Do you think that's too much in that usecase?
The recommendations I've seen indicate that 25M objects per bucket is
doable, but painful. The bucket is itself an object stored in Ceph,
which stores the list of objects in that bucket. With a single bucket
containing 25M objects, you're going to hotspot on the bucket. Think of
a bucket like a directory on a filesystem. You wouldn't store 25M files
in a single directory.
Buckets are a bit simpler than directories. They don't have to track
permissions, per file ACLs, and all the other things that POSIX
filesystems do.
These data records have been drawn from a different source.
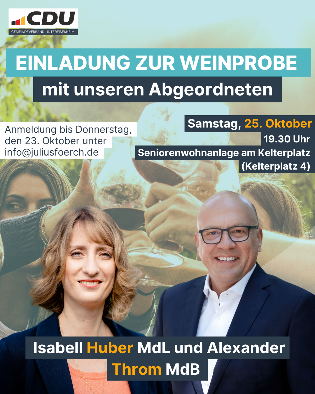 Die CDU Untereisesheim lädt in diesem Jahr wieder herzlich zu ihrer traditionellen Weinprobe ein.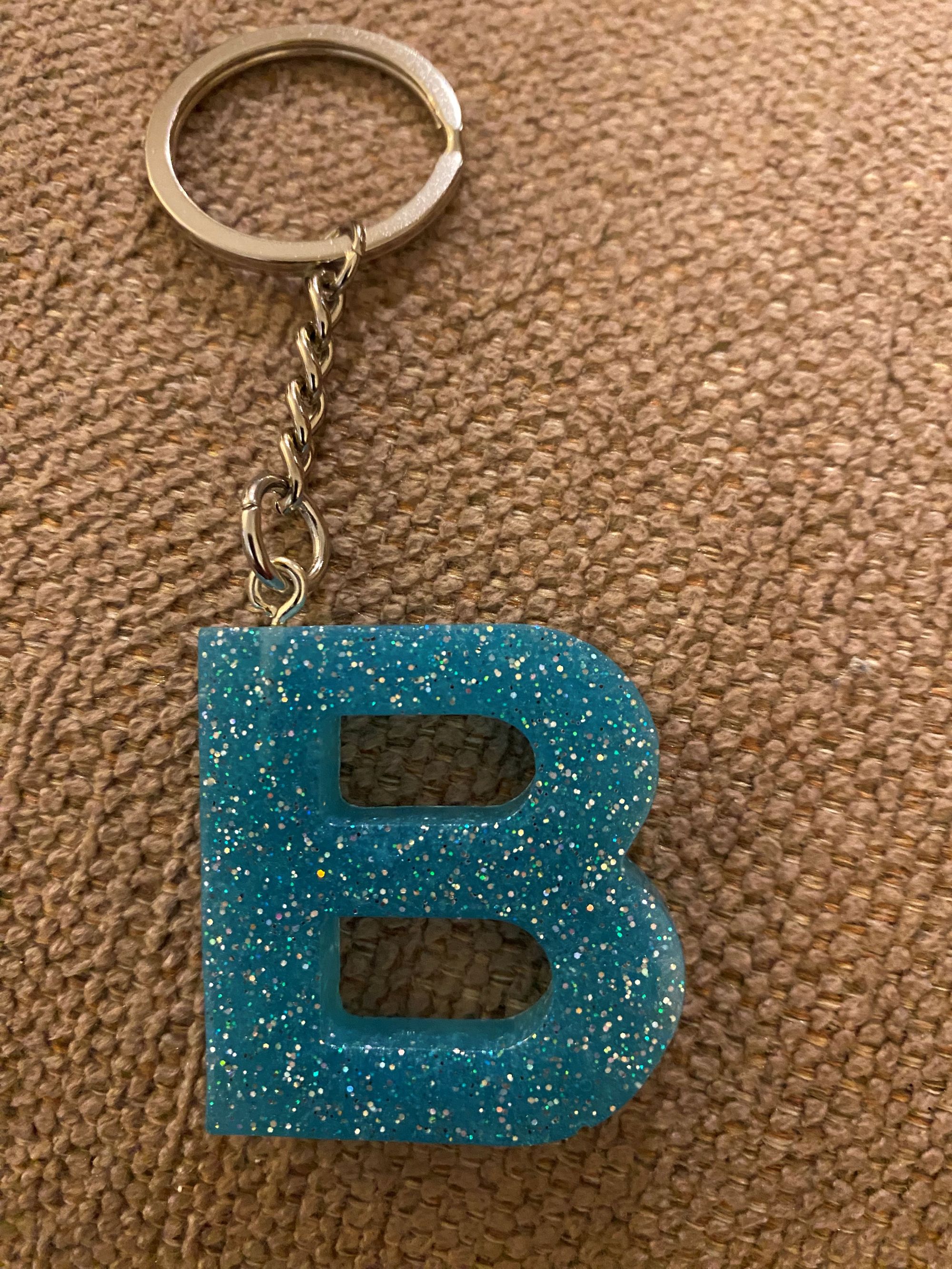 Personalized alphabet resin keychains on a silver key ring.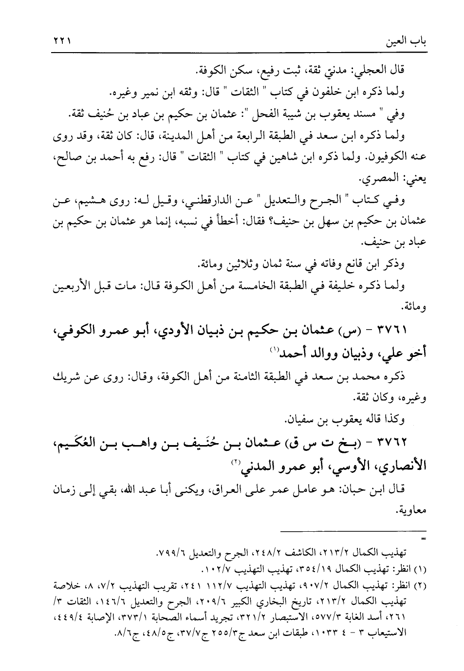 ٣٧٦٢ - (بخ ت س ق) عثمان بن حُنَيف بن واهب بن العُكَيم، الأنصاري، الأوسي، أبو عمرو المدني (¬٢)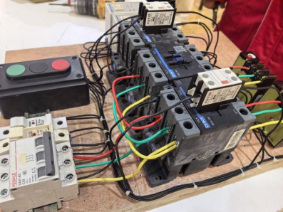 实操现场更是精彩纷呈——水工们专注进行卫生间排水管道安装,接口密封、坡度校准步步严谨;电工们凝神聚力,娴熟完成双电机(M1、M2)时序控制与互锁电气原理图连接,线路排布规整有序;防水工则严格遵循规范,有条不紊完成SBS防水卷材铺贴,筑牢防护屏障;泥瓦工专注于水磨石盖板制作及打磨,从配料到抛光一气呵成,成品平整光亮;木工师傅们匠心雕琢明式罗锅枨画案,榫卯拼接、打磨抛光尽显传统工艺魅力。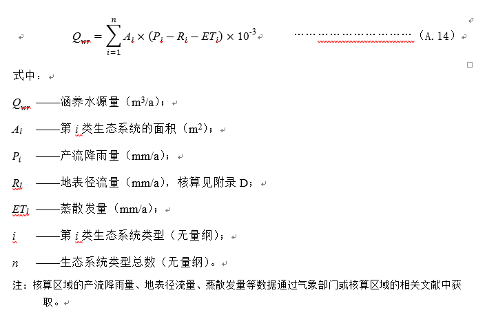 采用水量平衡方程,计算生态系统通过拦截滞蓄降水,增强土壤下渗、蓄积,涵养土壤水分、调节地表径流和补充地下水所增加的水资源总量,核算按式(A.14)。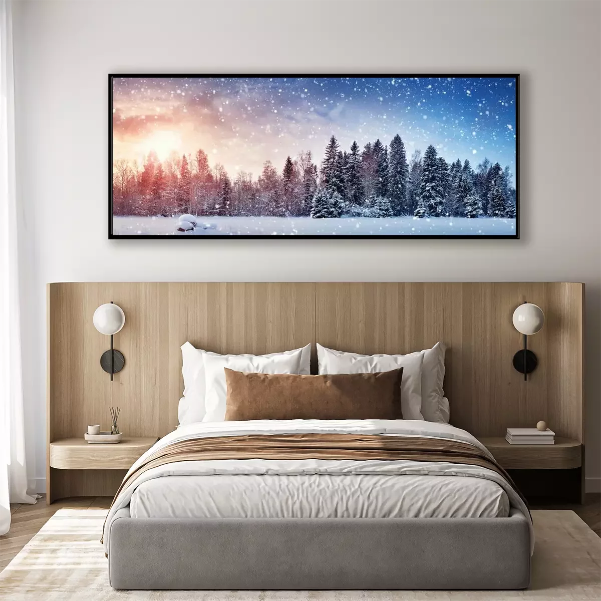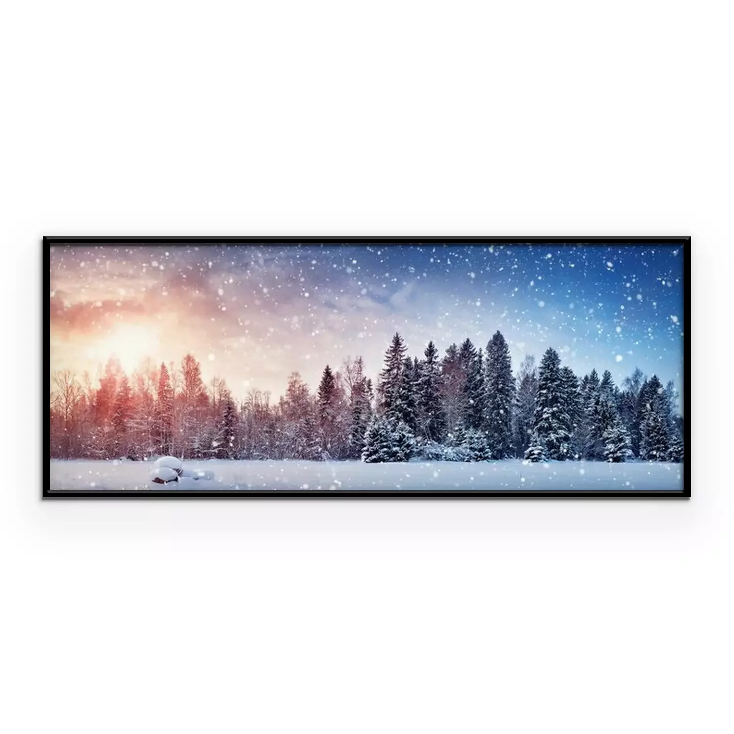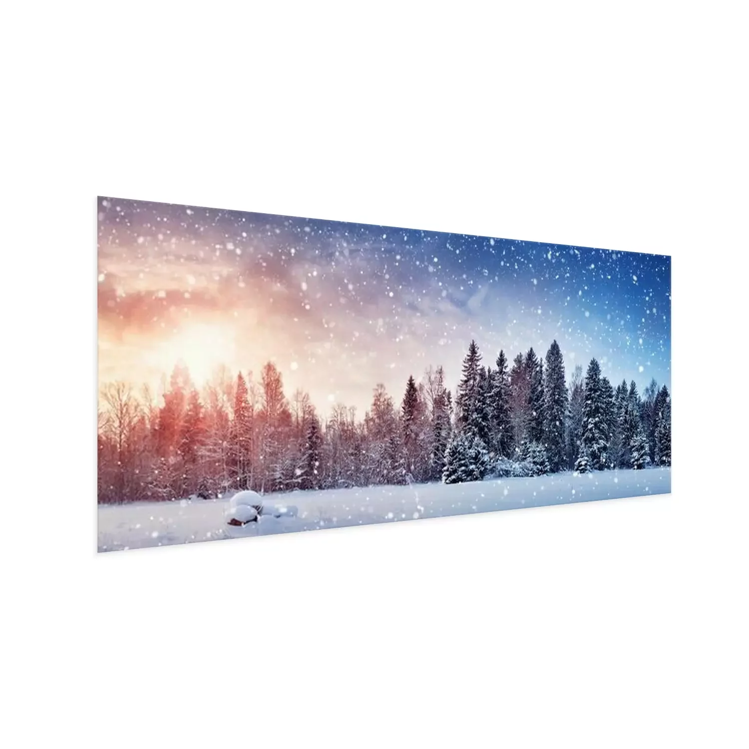 Poster: Winterpanorama des Waldes bei Sonnenuntergang

You can push them harder than a normal directory, but
the same concepts still apply. The more files you put in a
bucket/directory, the slower it gets. Most filesystems impose a hard
limit on the number of files in a directory. RadosGW doesn't have a
limit, it just gets slower.
Even the list of buckets has this problem. You wouldn't want to create
25M buckets with one object each. By default, there is a 1000 bucket
limit per user, but you can increase that.
If you can handle using 20 buckets, it would be worthwhile to put each
one of your top 20 folders into it's own bucket. If you can break it
apart even more, that would be even better.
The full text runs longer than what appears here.